**Dataset extract:**
• • • •

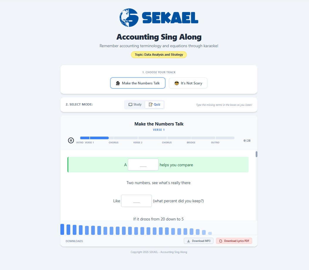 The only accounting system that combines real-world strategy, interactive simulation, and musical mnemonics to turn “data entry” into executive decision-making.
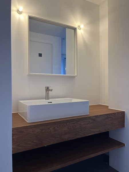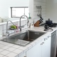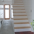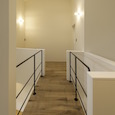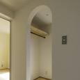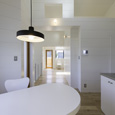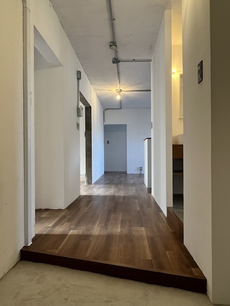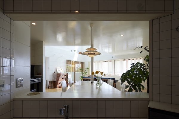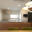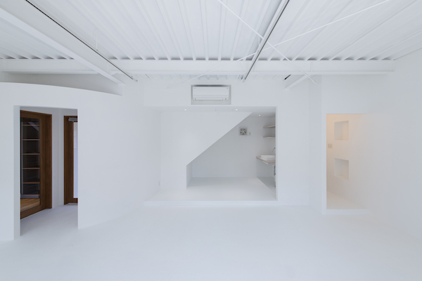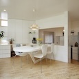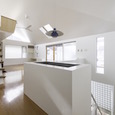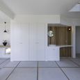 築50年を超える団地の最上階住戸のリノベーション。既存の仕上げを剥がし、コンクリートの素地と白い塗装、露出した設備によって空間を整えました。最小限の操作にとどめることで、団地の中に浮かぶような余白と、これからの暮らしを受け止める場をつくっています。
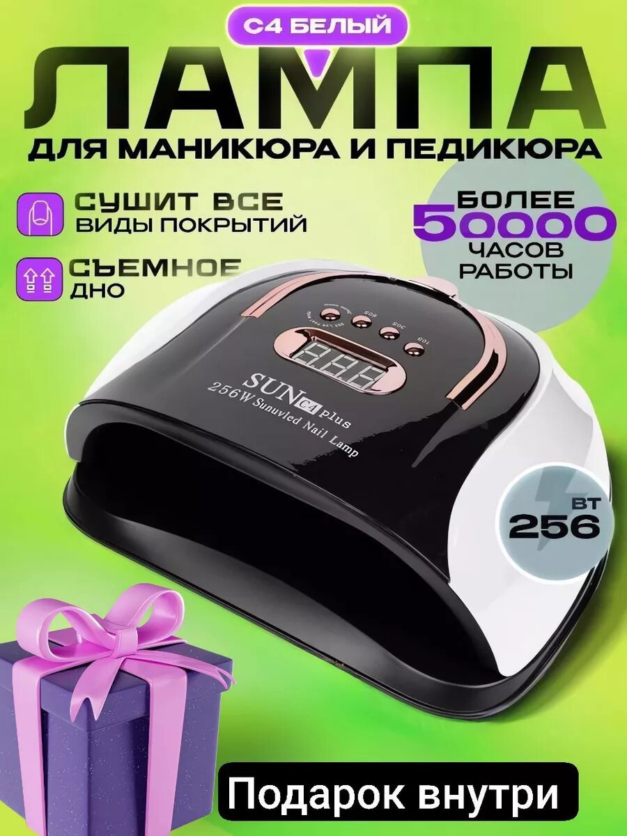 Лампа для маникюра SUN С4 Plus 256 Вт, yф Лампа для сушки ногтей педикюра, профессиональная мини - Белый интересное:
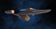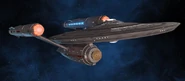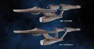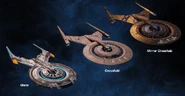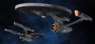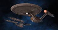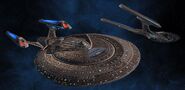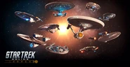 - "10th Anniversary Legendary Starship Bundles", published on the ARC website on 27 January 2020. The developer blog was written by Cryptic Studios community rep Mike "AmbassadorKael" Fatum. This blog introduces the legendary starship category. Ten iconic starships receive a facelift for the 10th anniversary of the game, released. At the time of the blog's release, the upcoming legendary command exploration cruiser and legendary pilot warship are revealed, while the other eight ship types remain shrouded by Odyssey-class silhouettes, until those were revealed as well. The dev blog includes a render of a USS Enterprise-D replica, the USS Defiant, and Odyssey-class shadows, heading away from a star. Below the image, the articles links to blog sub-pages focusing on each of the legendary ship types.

• • • •

**Task item:** Reproduce the lines above starting at the one with "築50年を超える団地の最上階" and ending at the one with "Лампа для маникюра", both included, exactly and with no pictures.

**Task solution:**
 築50年を超える団地の最上階住戸のリノベーション。既存の仕上げを剥がし、コンクリートの素地と白い塗装、露出した設備によって空間を整えました。最小限の操作にとどめることで、団地の中に浮かぶような余白と、これからの暮らしを受け止める場をつくっています。
 Лампа для маникюра SUN С4 Plus 256 Вт, yф Лампа для сушки ногтей педикюра, профессиональная мини - Белый интересное:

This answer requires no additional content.